Leave out the pictures, and print exactly the lines from the one holding "This design features: leopard" through the last line of the material.

━━ THE RECORDS ━━

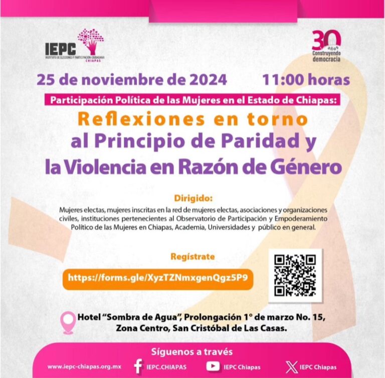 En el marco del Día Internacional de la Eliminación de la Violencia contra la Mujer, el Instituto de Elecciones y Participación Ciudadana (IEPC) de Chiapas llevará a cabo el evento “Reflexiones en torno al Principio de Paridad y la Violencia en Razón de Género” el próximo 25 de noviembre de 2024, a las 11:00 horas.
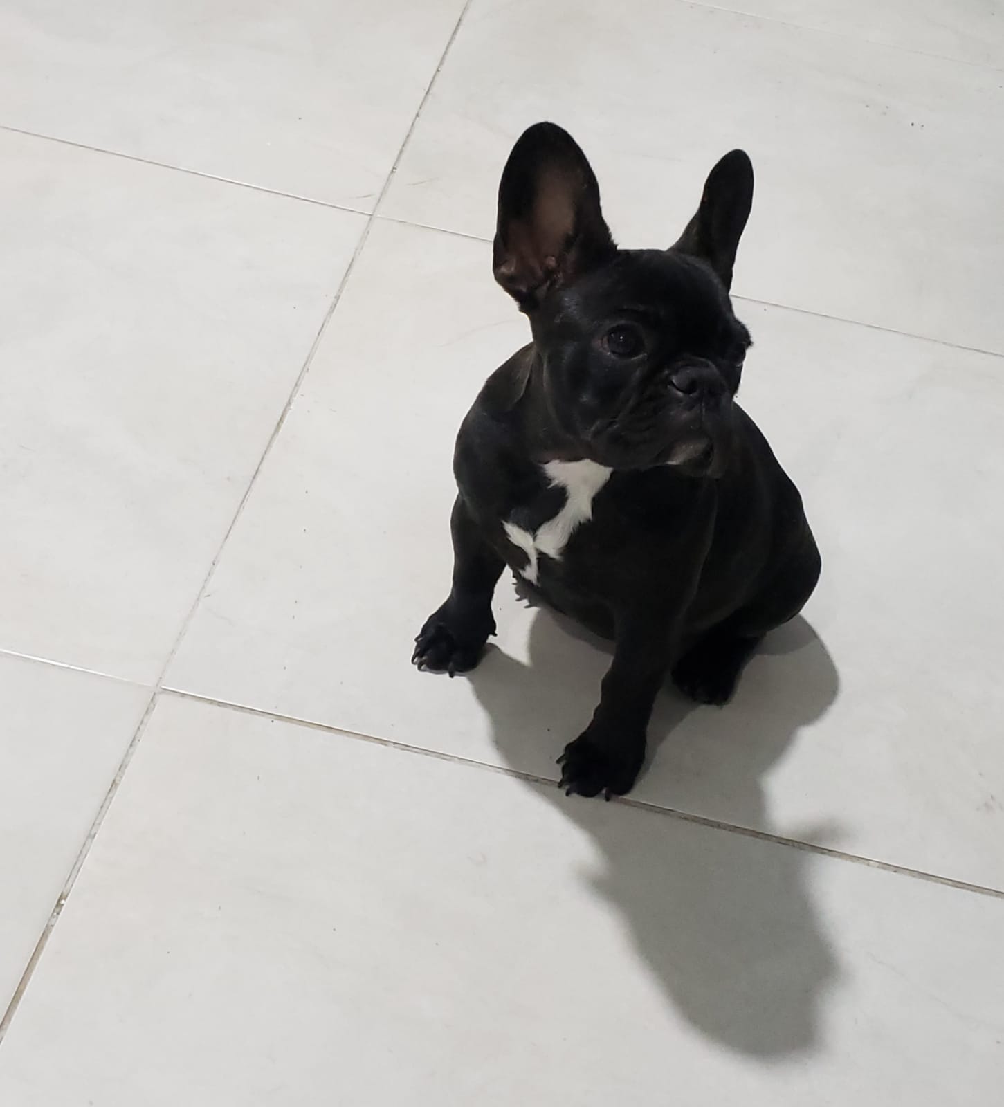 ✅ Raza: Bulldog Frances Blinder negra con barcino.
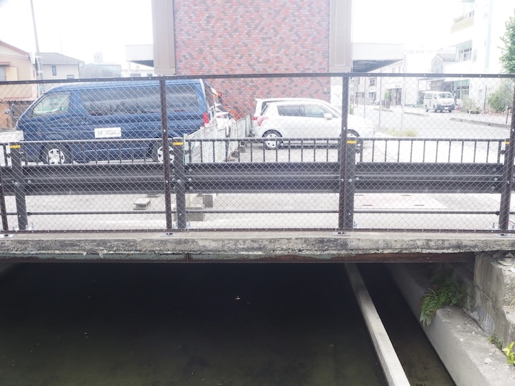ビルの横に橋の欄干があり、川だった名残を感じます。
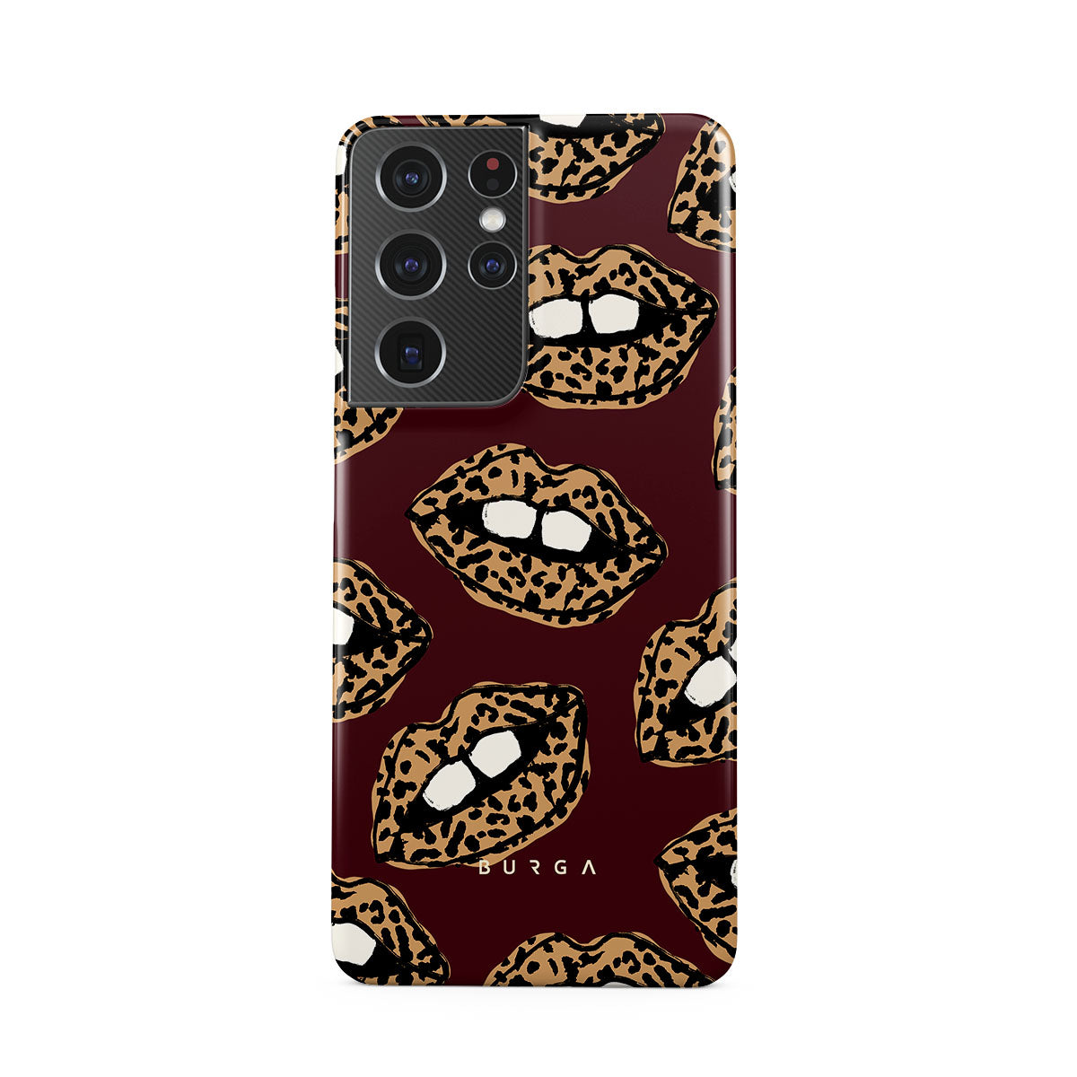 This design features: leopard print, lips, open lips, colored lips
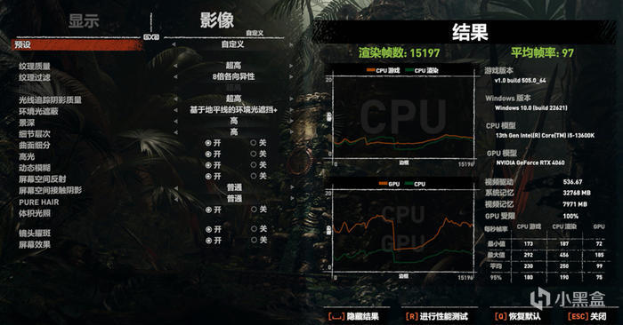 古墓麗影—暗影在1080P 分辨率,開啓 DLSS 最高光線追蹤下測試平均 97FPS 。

━━━

- [SOLUTION TO THE EXERCISE]
 This design features: leopard print, lips, open lips, colored lips
 古墓麗影—暗影在1080P 分辨率,開啓 DLSS 最高光線追蹤下測試平均 97FPS 。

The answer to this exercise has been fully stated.